Army re-ups General Dynamics for robotics work
General Dynamics Corp. won a three-year, $28 million contract extension to continue its work with the Army Research Laboratory's Robotics Collaborative Technology Alliance.
General Dynamics Corp. won a three-year, $28 million contract extension to continue its work with the Army Research Laboratory's Robotics Collaborative Technology Alliance.
General Dynamics of Falls Church, Va., will continue supporting development of perception technologies that enable robots to see and understand the environment.
The company also will work on intelligent control architectures that enable autonomous planning and execution in tactical environments, and human-machine interfaces to use robots to minimize operator workload.

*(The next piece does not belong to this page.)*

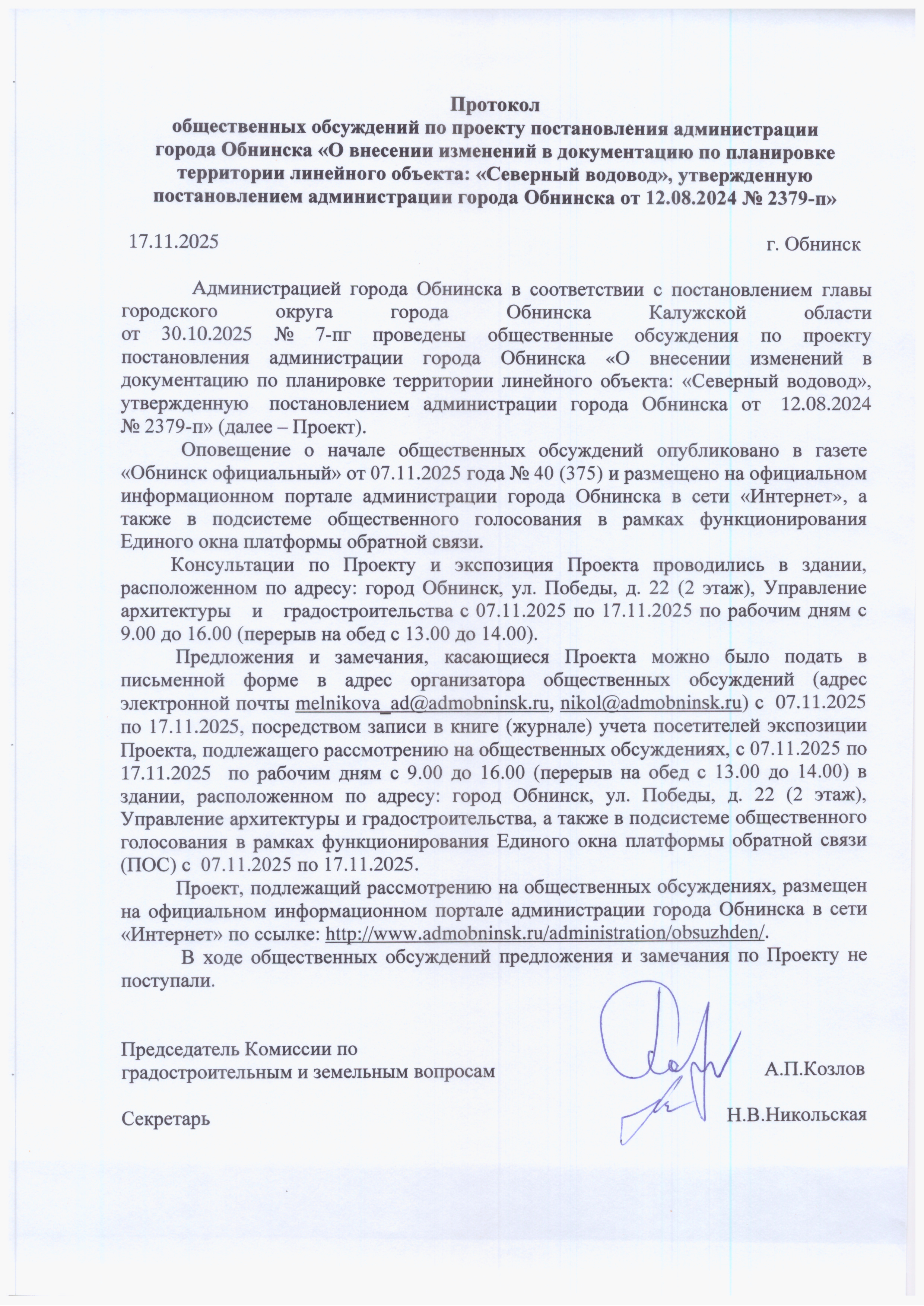 Протокол общественных обсуждений по проекту постановления администрации города Обнинска «О внесении изменений в документацию по планировке территории линейного объекта: «Северный водовод», утвержденную постановлением администрации города Обнинска от 12.08.2024 № 2379-п»

The contract, which continues General Dynamics' role as the lead for a robotics-focused consortium, will run through 2009.
Initiated in 2001, the robotics alliance is a consortium of academic, industrial and government partners focusing robotics research on autonomous systems that will provide warfighters with new tactical capabilities.
General Dynamics' initial funding for the alliance was $42 million for robotics research, with an additional time-and-materials agreement capped at $60 million for transitioning research products.
Robotics Collaborative Technology Alliance partners include Applied Systems Intelligence Inc., BAE Systems North America Inc., Carnegie Mellon University, Florida A&M University, NASA's Jet Propulsion Laboratory, Micro Analysis and Design Inc., Sarnoff Corp., SRI International Inc. and the University of Maryland.
Robotics alliance associate members are Howard University,North Carolina A&T State University, PercepTek Inc. and Signal Systems Corp.